# Input data
Content starts
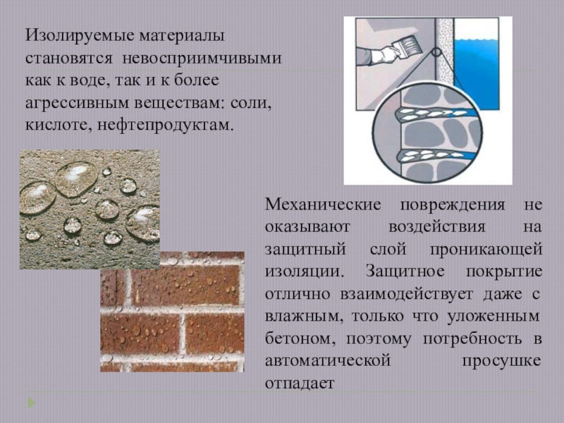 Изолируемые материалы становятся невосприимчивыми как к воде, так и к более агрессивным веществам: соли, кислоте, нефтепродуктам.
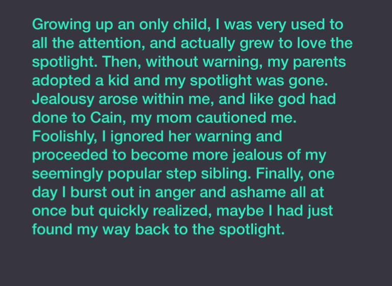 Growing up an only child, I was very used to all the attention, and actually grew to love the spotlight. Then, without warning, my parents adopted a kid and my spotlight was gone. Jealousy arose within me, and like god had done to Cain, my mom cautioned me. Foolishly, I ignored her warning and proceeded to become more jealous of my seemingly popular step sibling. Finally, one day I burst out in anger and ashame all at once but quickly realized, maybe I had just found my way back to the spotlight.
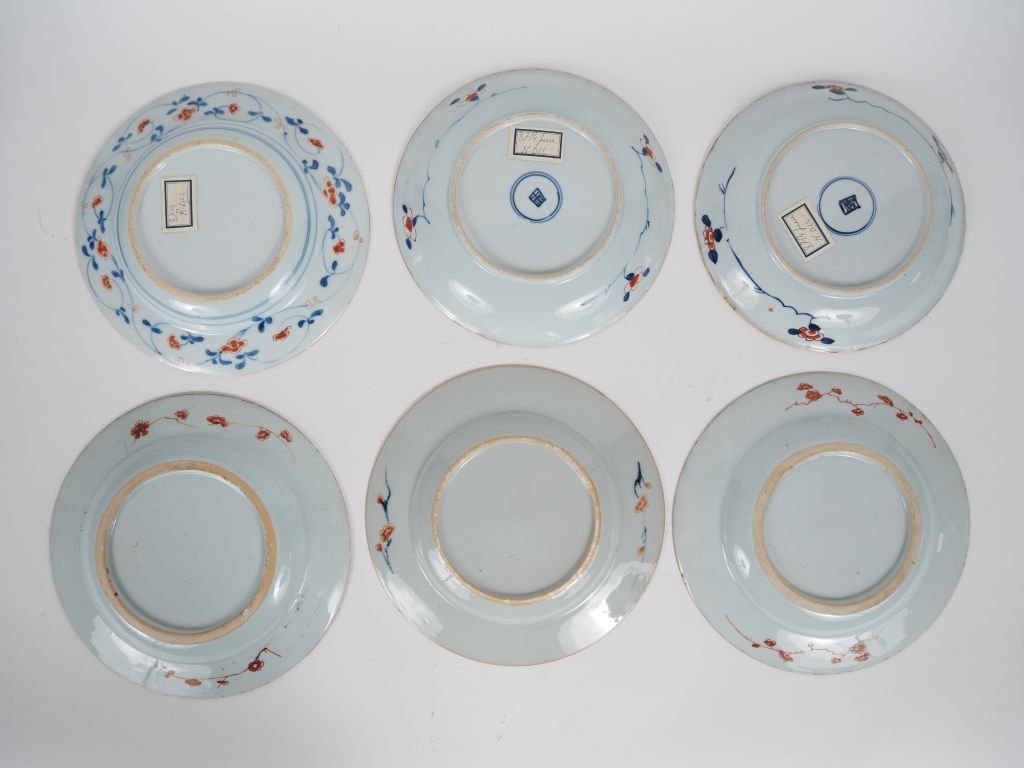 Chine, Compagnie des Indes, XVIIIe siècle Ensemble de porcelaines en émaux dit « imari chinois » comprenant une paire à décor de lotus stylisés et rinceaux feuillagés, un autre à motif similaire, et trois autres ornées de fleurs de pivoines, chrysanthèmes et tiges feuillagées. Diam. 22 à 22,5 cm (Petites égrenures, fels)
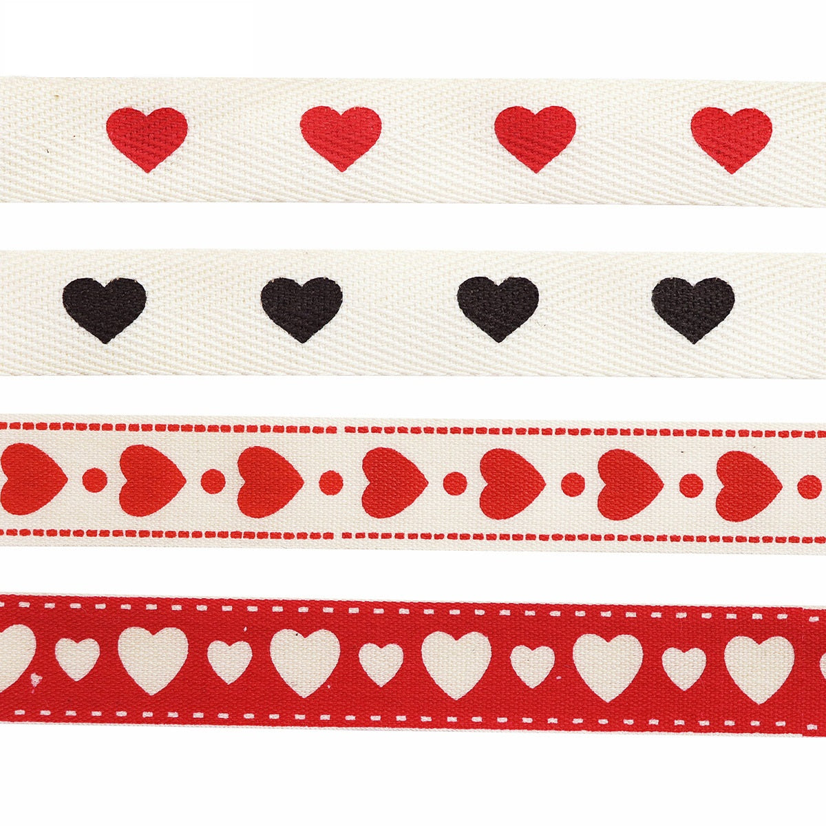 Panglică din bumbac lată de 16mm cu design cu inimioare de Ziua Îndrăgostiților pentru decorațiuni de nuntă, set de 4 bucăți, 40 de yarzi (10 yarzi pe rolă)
Content ends
Transcribe the material as is, with images omitted.

# Task output
 Изолируемые материалы становятся невосприимчивыми как к воде, так и к более агрессивным веществам: соли, кислоте, нефтепродуктам.
 Growing up an only child, I was very used to all the attention, and actually grew to love the spotlight. Then, without warning, my parents adopted a kid and my spotlight was gone. Jealousy arose within me, and like god had done to Cain, my mom cautioned me. Foolishly, I ignored her warning and proceeded to become more jealous of my seemingly popular step sibling. Finally, one day I burst out in anger and ashame all at once but quickly realized, maybe I had just found my way back to the spotlight.
 Chine, Compagnie des Indes, XVIIIe siècle Ensemble de porcelaines en émaux dit « imari chinois » comprenant une paire à décor de lotus stylisés et rinceaux feuillagés, un autre à motif similaire, et trois autres ornées de fleurs de pivoines, chrysanthèmes et tiges feuillagées. Diam. 22 à 22,5 cm (Petites égrenures, fels)
 Panglică din bumbac lată de 16mm cu design cu inimioare de Ziua Îndrăgostiților pentru decorațiuni de nuntă, set de 4 bucăți, 40 de yarzi (10 yarzi pe rolă)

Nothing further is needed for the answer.